Agnès Maltais, ancienne députée de Taschereau et ex-ministre péquiste, a accordé son appui à Québec forte et fière (QFF) pour le scrutin municipal du 7 novembre. 

« Je suis certaine que Mélissa fera une excellente représentante de nos quartiers du centre-ville de Québec.
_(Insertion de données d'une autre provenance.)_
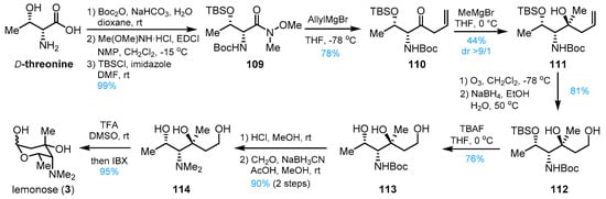 Three years later, Zhu and coworkers continued to finish the asymmetric synthesis of lemonose (Scheme 18). [52] Threonine was again selected as the chiral pool, which was first converted to Weinreb amide 109 after three steps. Subsequently, two additions by different Grignard reactions readily furnished 111 with all requisite stereogenetic centers. The terminal double bond was then subjected to ozonolysis and a subsequent reduction to deliver alcohol 112 in an 81% yield for two steps. After global deprotection, double reductive amination with HCHO in the presence of NaBH3CN furnished 114. To attenuate the impact of tertiary amines, the pretreatment of trifluoroacetic acid successfully chemoselectively converted the primary alcohol to aldehyde by O-iodoxybenzoic acid (IBX) [53] and then cyclized to form lactol 3 (lemonose) in a total of 10 steps and an 18% overall yield. However, the complete assembly of lemonmycin (1) was not disclosed despite that both the given glycosylation of aglycon 2 with protection-free lemonose (3) were obtained.

J’ai travaillé avec elle et je lui fais confiance », a récemment écrit Mme Maltais sur sa page Facebook en parlant de Mélissa Coulombe-Leduc, candidate de QFF dans Cap-aux-Diamants. 

Mme Maltais, qui accompagne la candidate dans son porte-à-porte, a parlé de l’importance de provoquer « un changement » à Québec. 

Interrogé quant à cette prise de position, le maire Labeaume a dit ne pas connaître beaucoup de gens qui veulent qu’on « révolutionne » la ville de Québec. 

Photo Stevens LeBlanc

Démocratie Québec n’a pas complété son équipe  

Le parti de Jean Rousseau tire de l’arrière dans la nomination de ses candidats pour les 21 districts électoraux de Québec. 

Démocratie Québec est le seul des cinq partis qui n’a toujours pas d’équipe complète à présenter sur les bulletins de vote. Vendredi, le parti a annoncé quatre nouveaux candidats, ce qui porte leur nombre à 13 sur 21. 

Huit candidatures restent à venir. 

Comme Le Journal le dévoilait vendredi matin, Omar Berri, ancien porte-parole de Taxi Coop, tentera de se faire élire dans le district de Maizerets-Lairet. M. Berri s’était notamment impliqué pour défendre les intérêts des chauffeurs de taxi lors de la réforme dans l’industrie du transport de personnes. Les trois autres nouveaux venus sont le coopérant international et diplômé en économie et en science politique Simon Levasseur, dans Limoilou, le politologue Simon Domingue, dans Les Méandres, et le comptable Luc Paquin, dans Val-Bélair.